A los 26 años Lucho se dedicó a un oficio más rentable y menos esclavizante: ser negociante de esmeraldas. Tenía lo más importante en el negocio, el conocimiento sobre la piedra. Empezó a comprarle a los guaqueros, amigos y familiares suyos, las piedras que se encontraban y con un montoncito de rocas llegó a Bogotá a comienzos de los años 90 para venderlas en el centro de la capital. Ahí fue cuando lo comenzaron a llamar esmeraldero.
Vivir de la venta y compra de esmeraldas no es un negocio fácil. Hay que conocer mucho las piedras para no perder dinero con ellas y también hay que tener buena suerte. El mercado de la esmeralda es una ruleta rusa.
Es un mercado inestable porque esta piedra no tiene precio. “El valor de cada esmeralda lo da sus características y no hay en el mundo dos piedras iguales, ni siquiera las que se cortan del mismo pedazo”, así lo dice el esmeraldero Miguel Ángel Caro, comerciante de esmeraldas desde hace 37 años, quien tiene un local en el edificio Emerald Trade Center, a una cuadra de la plaza rosarista, mientras enseña un corazón tallado que tiene valorado en 50 millones de pesos.

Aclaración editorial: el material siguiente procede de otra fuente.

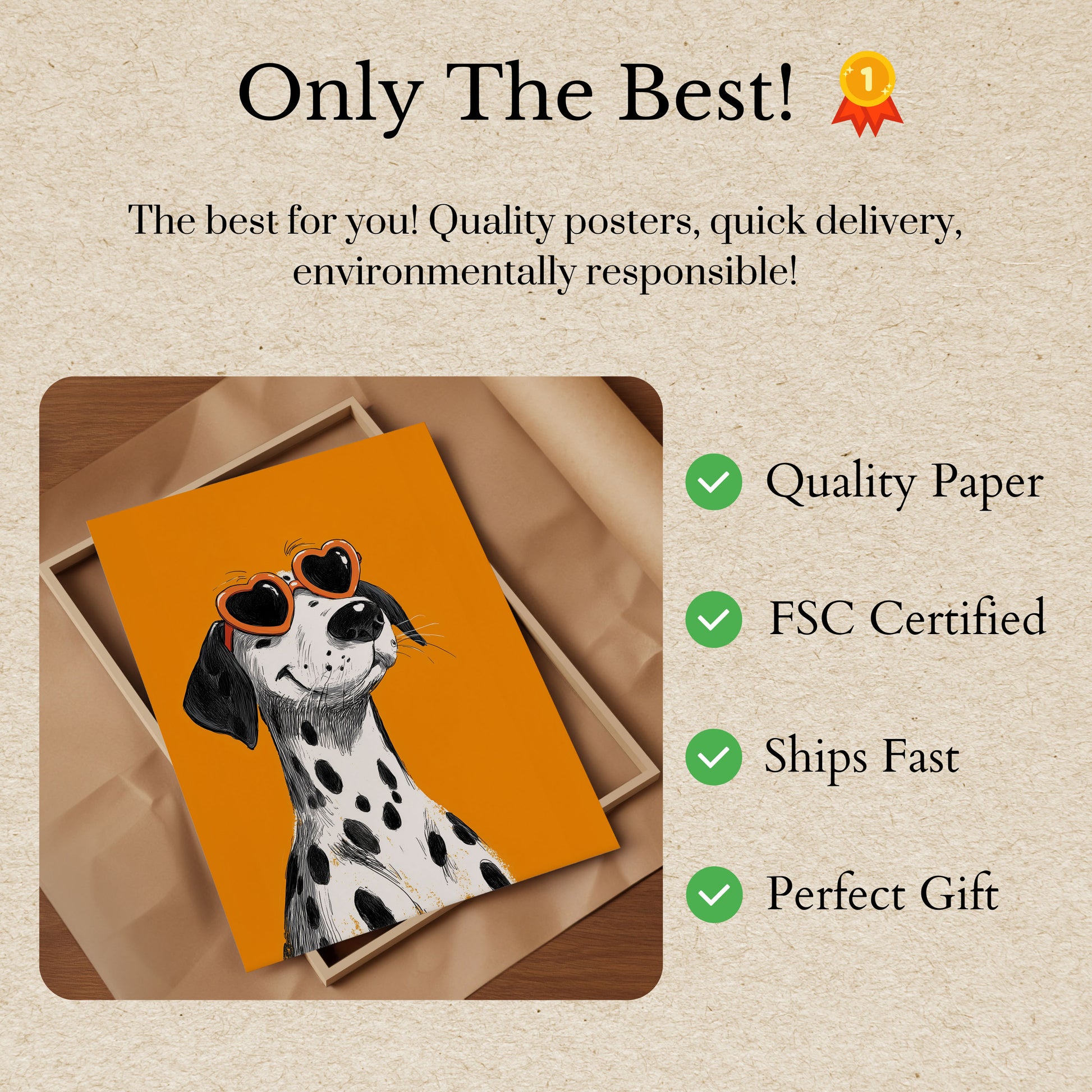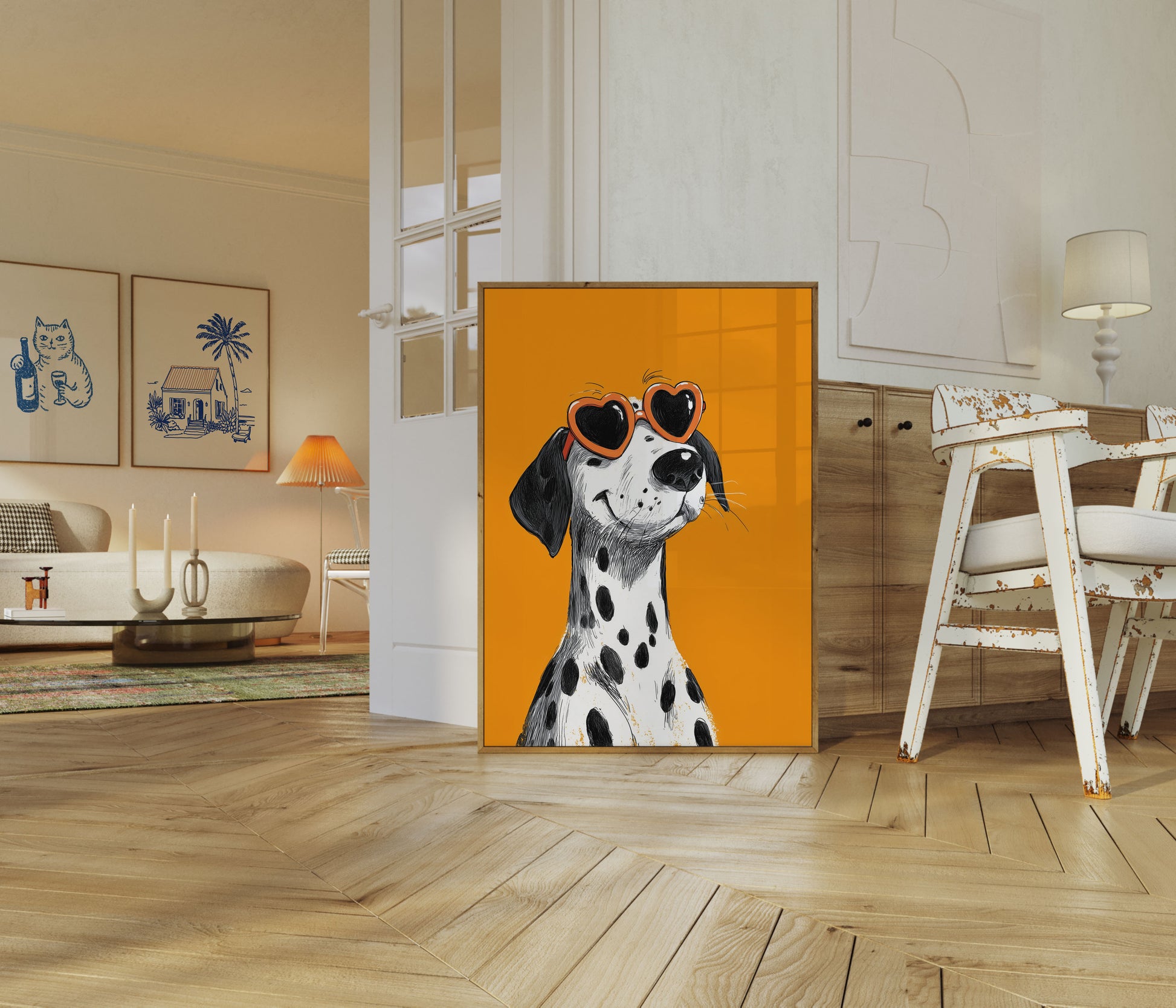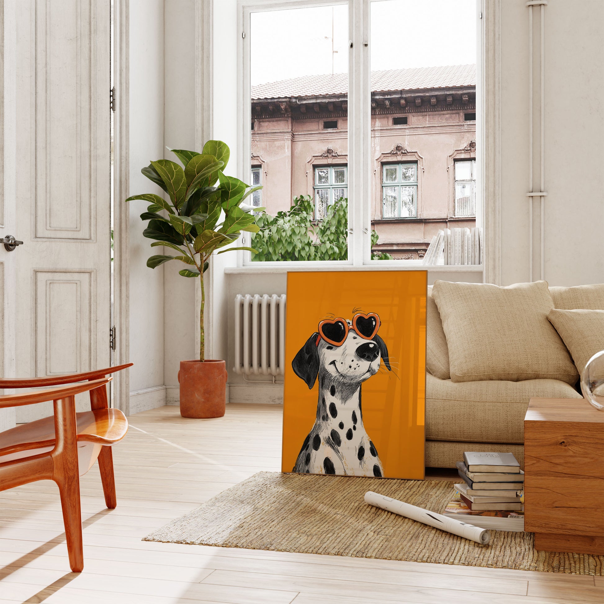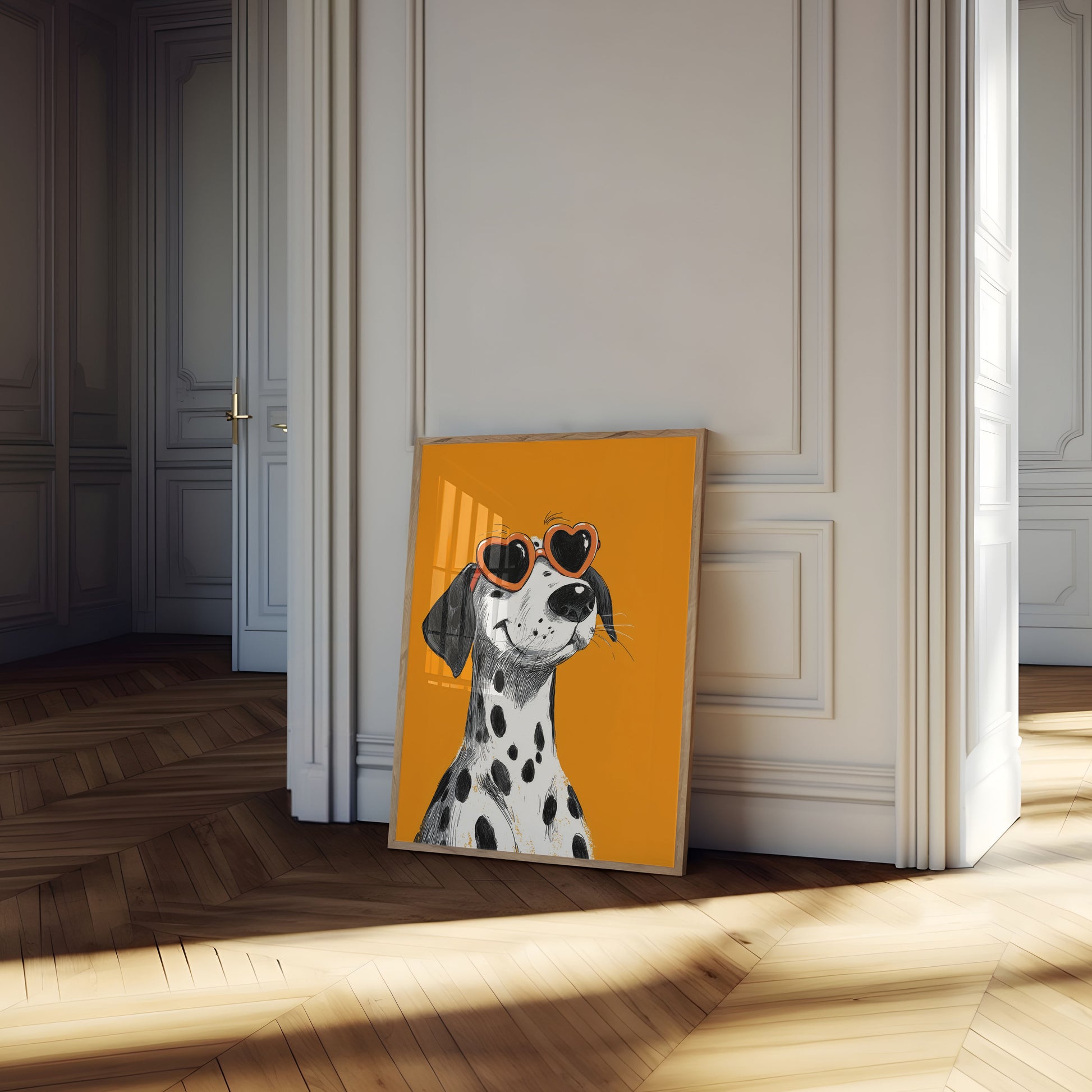 Desata tu encanto juguetón con este vibrante retrato de dálmata, con gafas de sol naranjas en forma de corazón sobre un atrevido fondo mandarina. La ilustración, dibujada a mano, captura la adorable personalidad del perro con expresivas manchas blancas y negras y un espíritu peculiar y divertido que iluminará cualquier habitación. Esta lámina artística irradia pura alegría y fantasía, ideal tanto para los amantes de los animales como para los amantes del arte.

La pureza, el brillo, la limpieza, el verdor son características de las rocas que le dan al esmeraldero la libertad de ponerle el precio que considere a sus esmeraldas. El esmeraldero del centro de Bogotá puede pasar uno y hasta dos meses enteros sin hacer un solo negocio. Pero puede pasar también que en una sola transacción se gane 10 o 20 millones de pesos.
Lucho cuenta que su en su mejor negocio, hace un par de años, se hizo 150 millones con una excelente producción que la suerte le puso en las manos. Pero, como todos, también ha perdido mucho dinero, por hacer malos negocios y por caer en engaños con esmeraldas falsas. A él, conociendo mucho de piedras, lo lograron engañar. En esa oportunidad perdió 60 millones de pesos.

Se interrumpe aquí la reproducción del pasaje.